World in brief: Extremists burn churches in protest


Indian Christians  march Thursday in New Delhi to protest violence targeting  churches  in Orissa state. Associated Press
 (Associated Press / The Spokesman-Review)
The Spokesman-Review

Hindu extremists torched nearly a dozen churches and the home of a Christian leader Thursday, defying a curfew imposed to quell three days of religious violence in eastern India. Christians retaliated by setting fire to several homes belonging to Hindus.

Local police have been unsuccessful in halting the attacks and the federal government announced it was sending in a paramilitary force.

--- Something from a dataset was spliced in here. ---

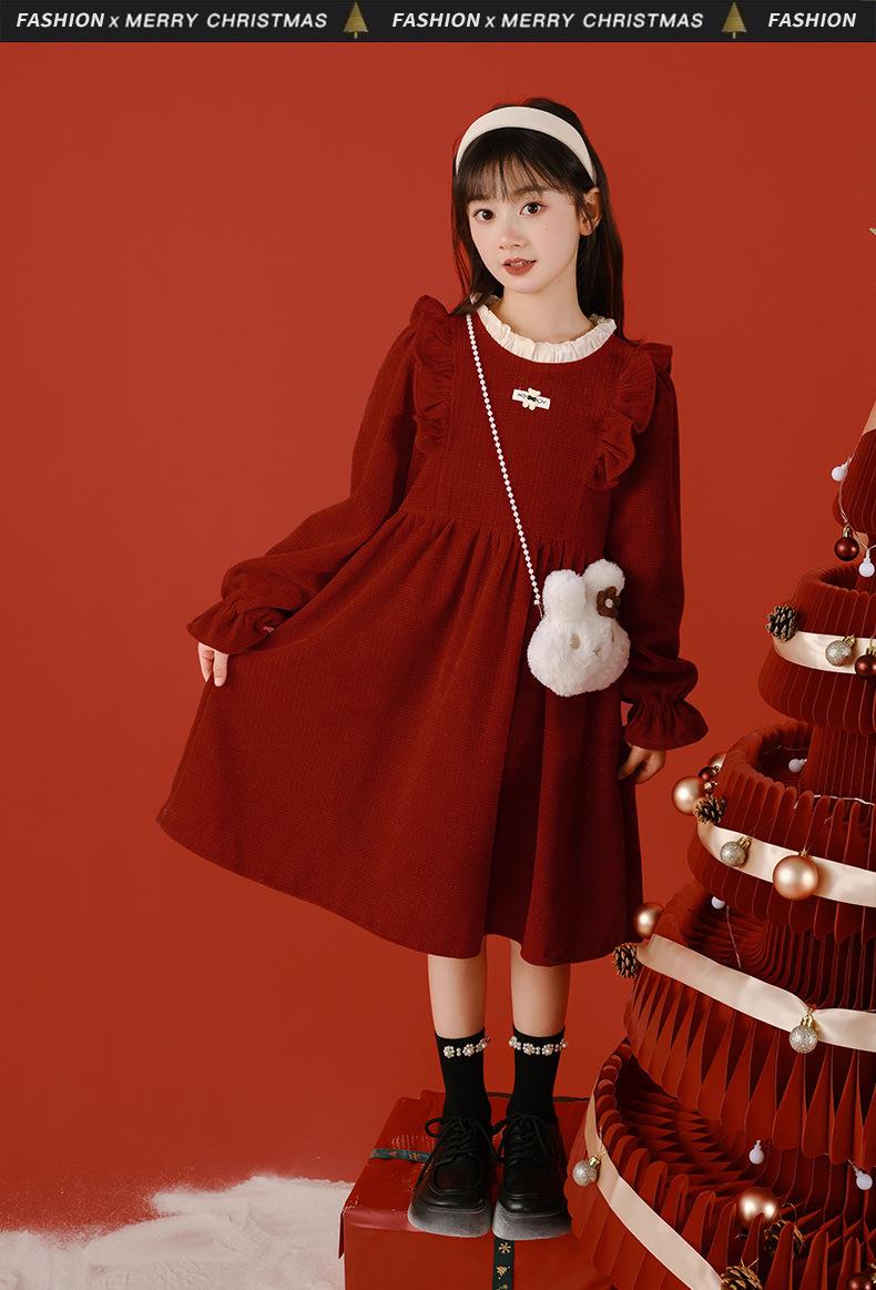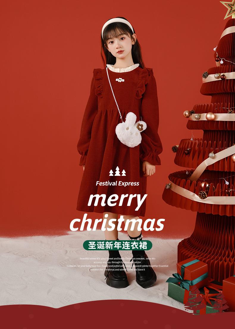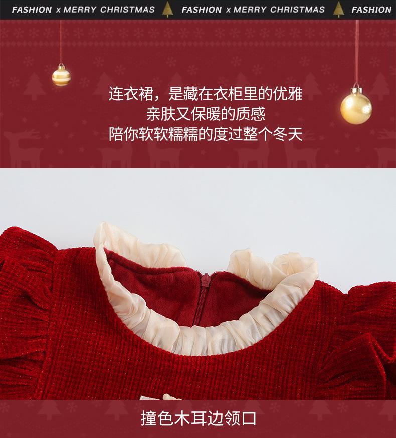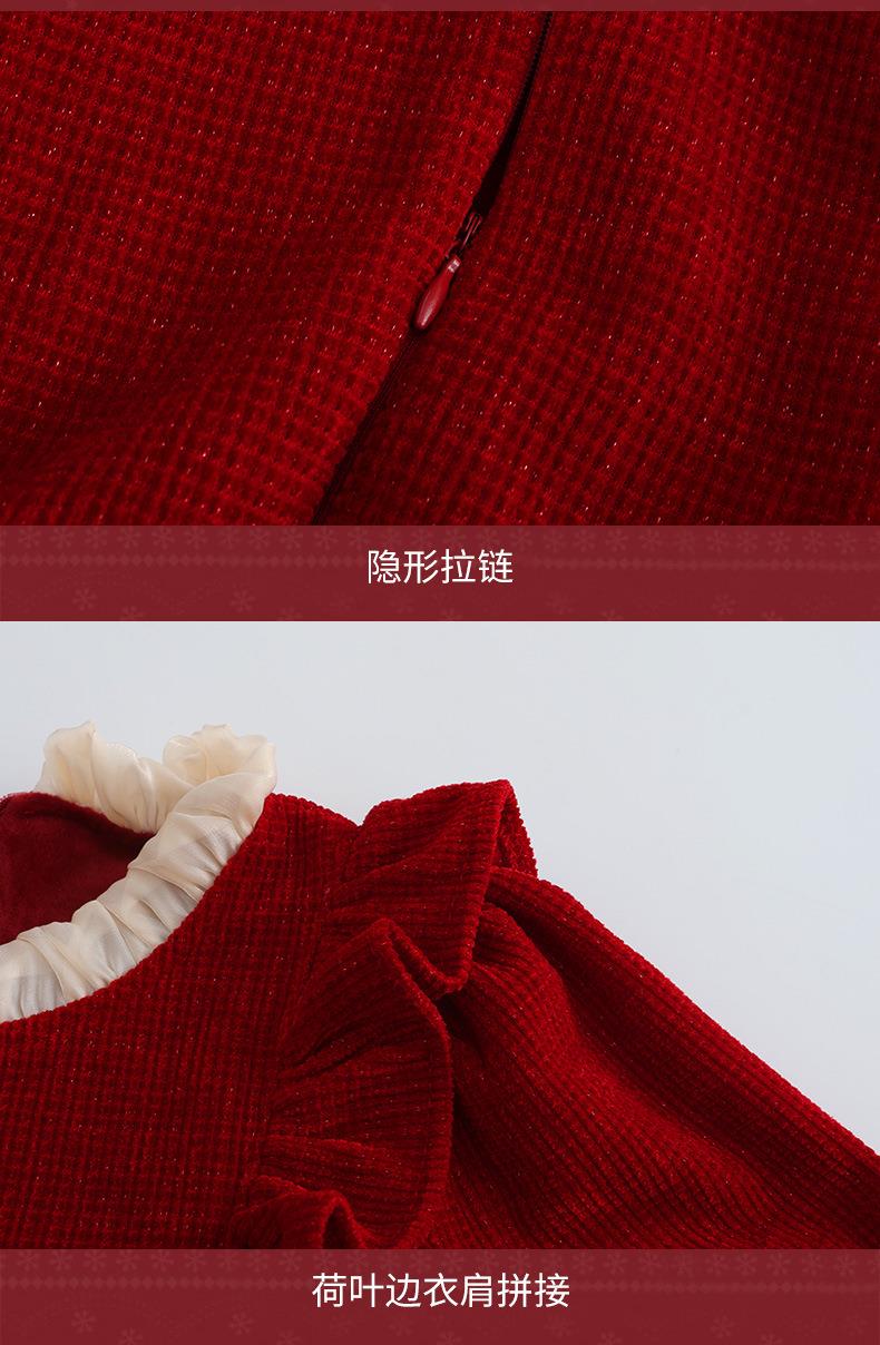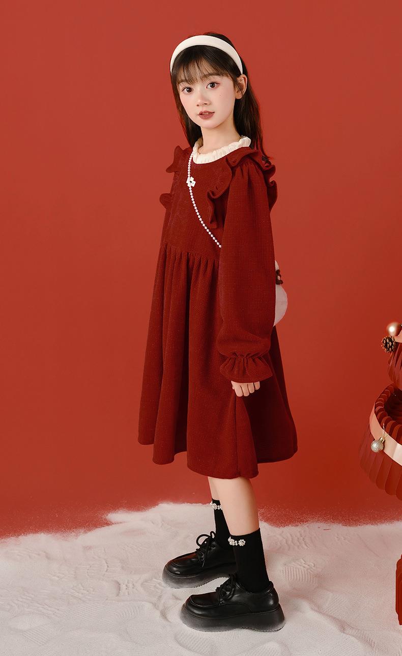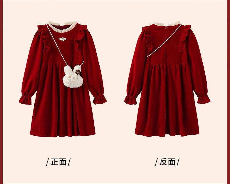 大女童连衣裙加绒童装红色秋冬新款一件代发新年2025洋气公主裙

About 19 churches, most of them small mud and thatch buildings, have been razed since violence broke out on Christmas Eve when long-standing tensions between the Hindu majority and the small Christian community erupted over conversions to Christianity.

ADELAIDE, Australia

War criminal freed after seven years

Convicted terrorism supporter David Hicks is scheduled to walk free Saturday after being held captive in Guantanamo Bay and Australia for nearly seven years, though the Australian government has imposed strict controls on his movements.

Hicks became the first person convicted at a U.S. war-crimes trial since World War II when he pleaded guilty in March to providing material support to al-Qaida.

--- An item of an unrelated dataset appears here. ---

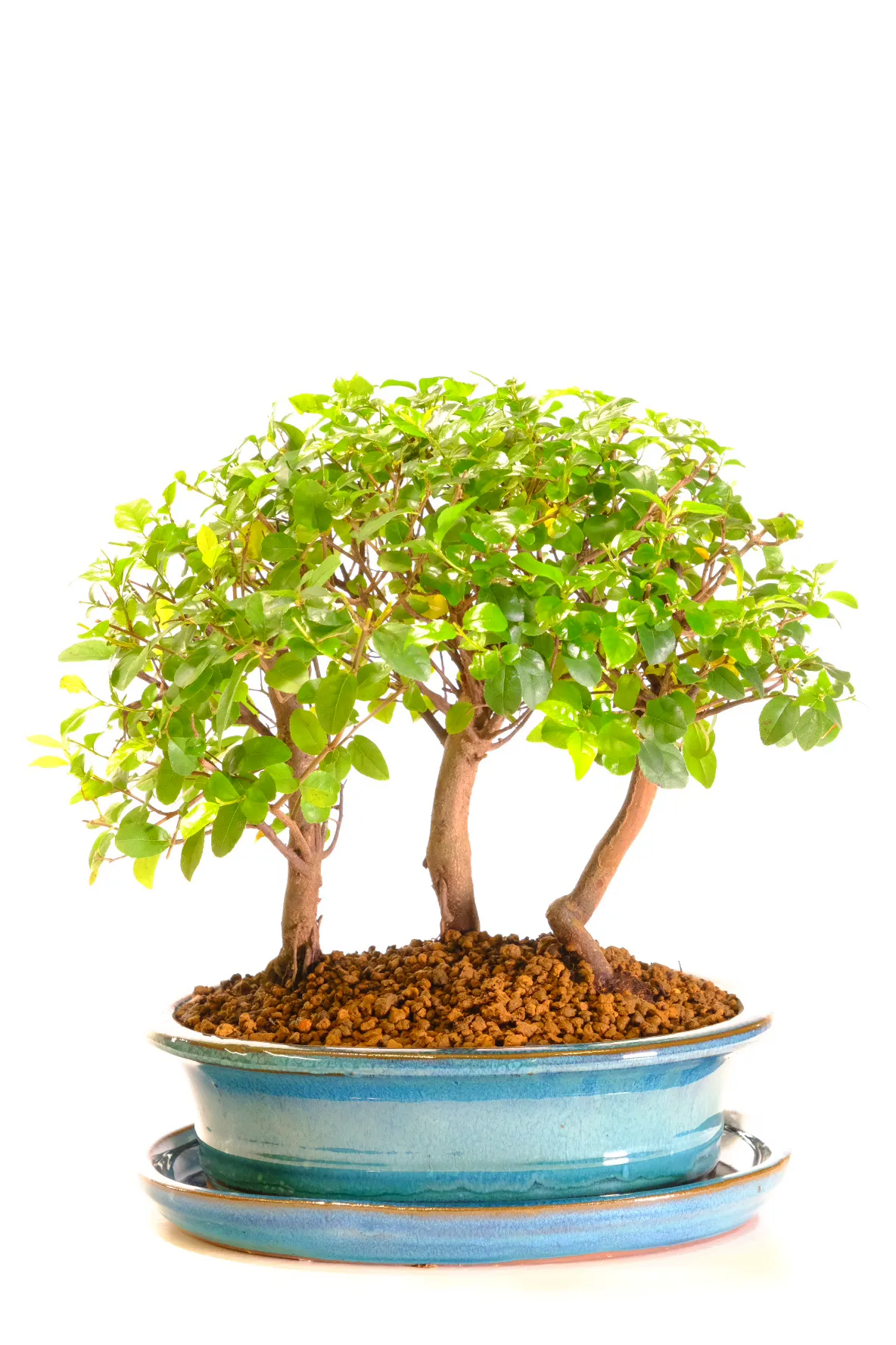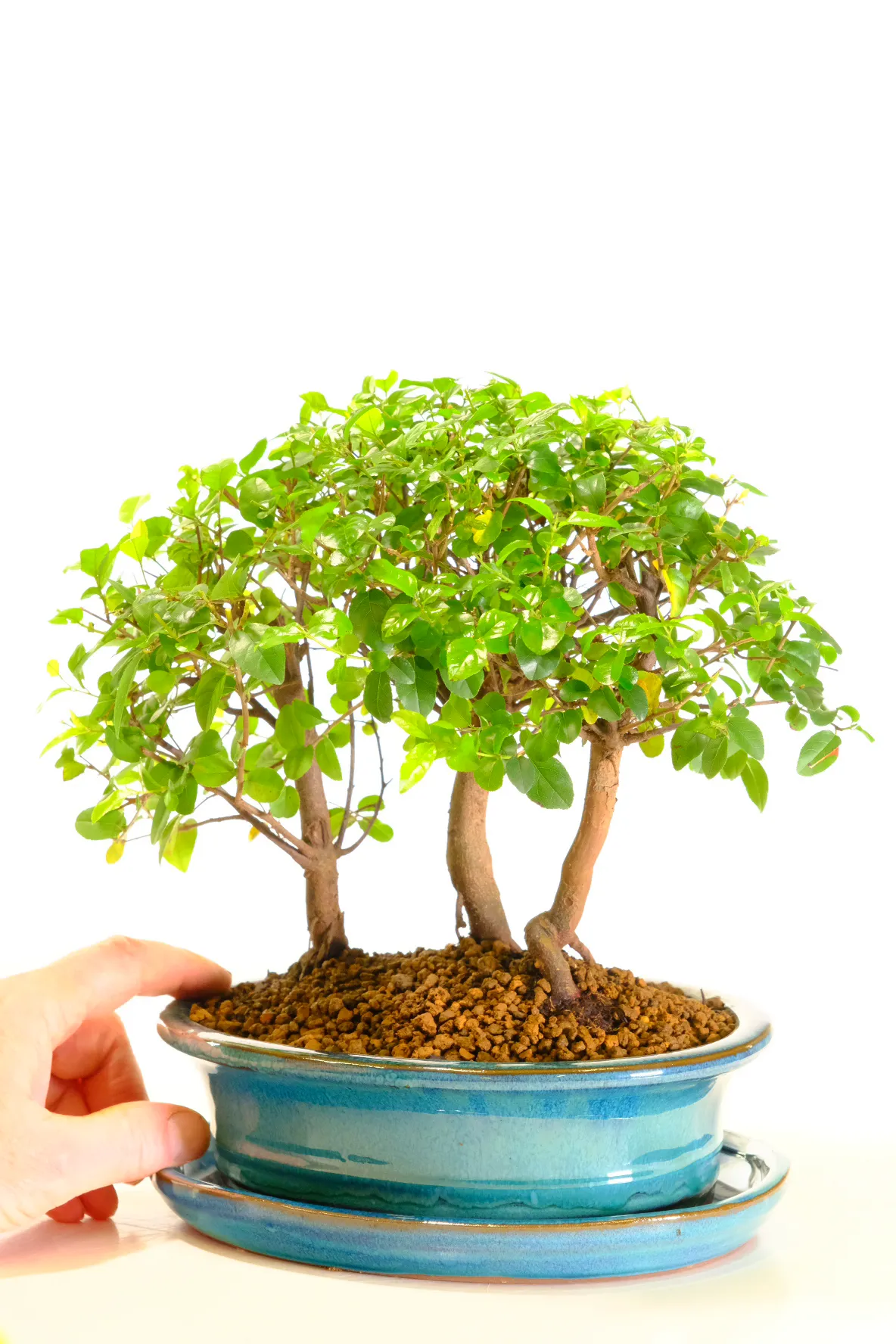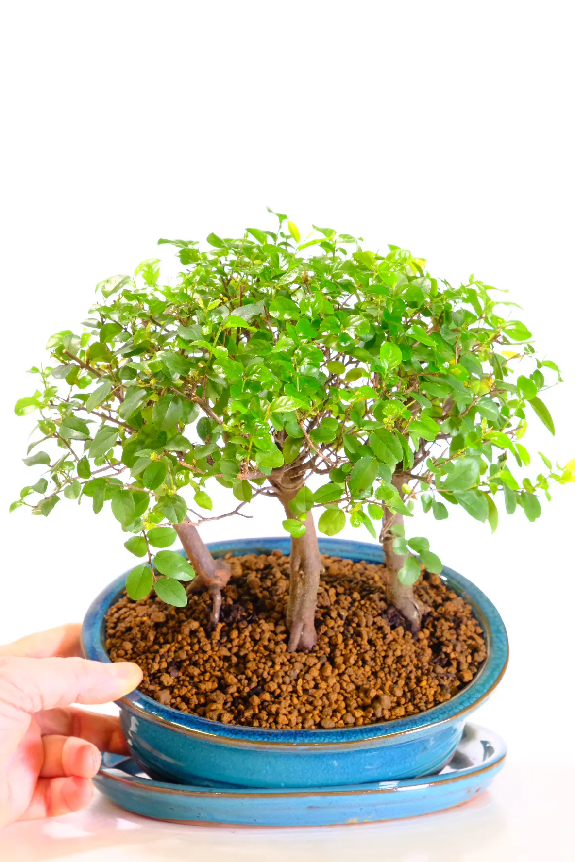 This premium Sweet Plum Indoor Bonsai Forest is a beautifully composed miniature woodland, crafted from three informal-upright Sageretia theezans trunks. Individually photographed, it showcases graceful movement, natural balance and glossy foliage that shifts through warm seasonal tones. As it matures, the forest may produce tiny purple plum-like fruits, adding extra charm and interest. Presented in a teal blue ceramic pot with matching tray, this elegant forest makes a meaningful indoor feature for nature lovers. Styled by hand at our family-run Devon nursery, it offers timeless tranquillity and exceptional quality.

He was captured in December 2001 by the U.S.-backed Northern Alliance in Afghanistan, where he had been fighting with the Taliban. A month later, he was sent to the U.S. naval base in Guantanamo Bay, Cuba, where he spent more than five years without trial.

A U.S. military tribunal sentenced Hicks – a Muslim convert who has since renounced the faith – to seven years in prison, with all but nine months suspended. A plea bargain allowed him to serve the remainder of his sentence in his hometown of Adelaide in South Australia state.

PARIS

Chad calls charity workers kidnappers

France asked Chad on Thursday to hand over six French charity workers convicted and sentenced to eight years of forced labor for trying to kidnap 103 children from the central African country.

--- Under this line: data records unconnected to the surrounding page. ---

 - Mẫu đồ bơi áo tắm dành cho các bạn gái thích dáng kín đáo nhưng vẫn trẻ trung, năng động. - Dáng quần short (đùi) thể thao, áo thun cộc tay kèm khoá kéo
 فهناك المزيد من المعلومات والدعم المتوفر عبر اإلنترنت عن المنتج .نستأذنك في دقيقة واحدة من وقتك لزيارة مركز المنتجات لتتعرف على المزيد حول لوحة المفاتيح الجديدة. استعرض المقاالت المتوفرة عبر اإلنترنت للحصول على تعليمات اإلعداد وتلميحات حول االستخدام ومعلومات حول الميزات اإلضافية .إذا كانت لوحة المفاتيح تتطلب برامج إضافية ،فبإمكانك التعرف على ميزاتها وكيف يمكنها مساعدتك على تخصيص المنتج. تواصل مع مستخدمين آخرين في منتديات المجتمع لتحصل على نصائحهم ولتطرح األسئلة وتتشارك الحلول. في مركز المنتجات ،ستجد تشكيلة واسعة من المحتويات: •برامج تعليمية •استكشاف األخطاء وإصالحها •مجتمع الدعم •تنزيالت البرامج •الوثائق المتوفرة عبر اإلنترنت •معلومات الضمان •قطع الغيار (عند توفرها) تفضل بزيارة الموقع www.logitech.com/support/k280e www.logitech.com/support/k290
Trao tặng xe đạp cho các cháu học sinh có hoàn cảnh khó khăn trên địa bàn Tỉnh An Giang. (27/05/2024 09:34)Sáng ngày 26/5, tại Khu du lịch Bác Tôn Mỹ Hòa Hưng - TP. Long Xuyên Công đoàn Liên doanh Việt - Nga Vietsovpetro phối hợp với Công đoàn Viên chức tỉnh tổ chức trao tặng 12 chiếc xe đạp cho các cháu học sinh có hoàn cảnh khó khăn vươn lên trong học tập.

The six workers from the charity group Zoe’s Ark, charged with fraud and kidnapping, were convicted and sentenced Wednesday by a court in the Chadian capital, N’Djamena.

French Justice Minister Rachida Dati said in a statement that the repatriation request had been filed with her Chadian counterpart. Such requests are allowed under a 1976 judicial accord between the two countries.

But Chadian Justice Minister Albert Pahimi Padake said his country would have the last word.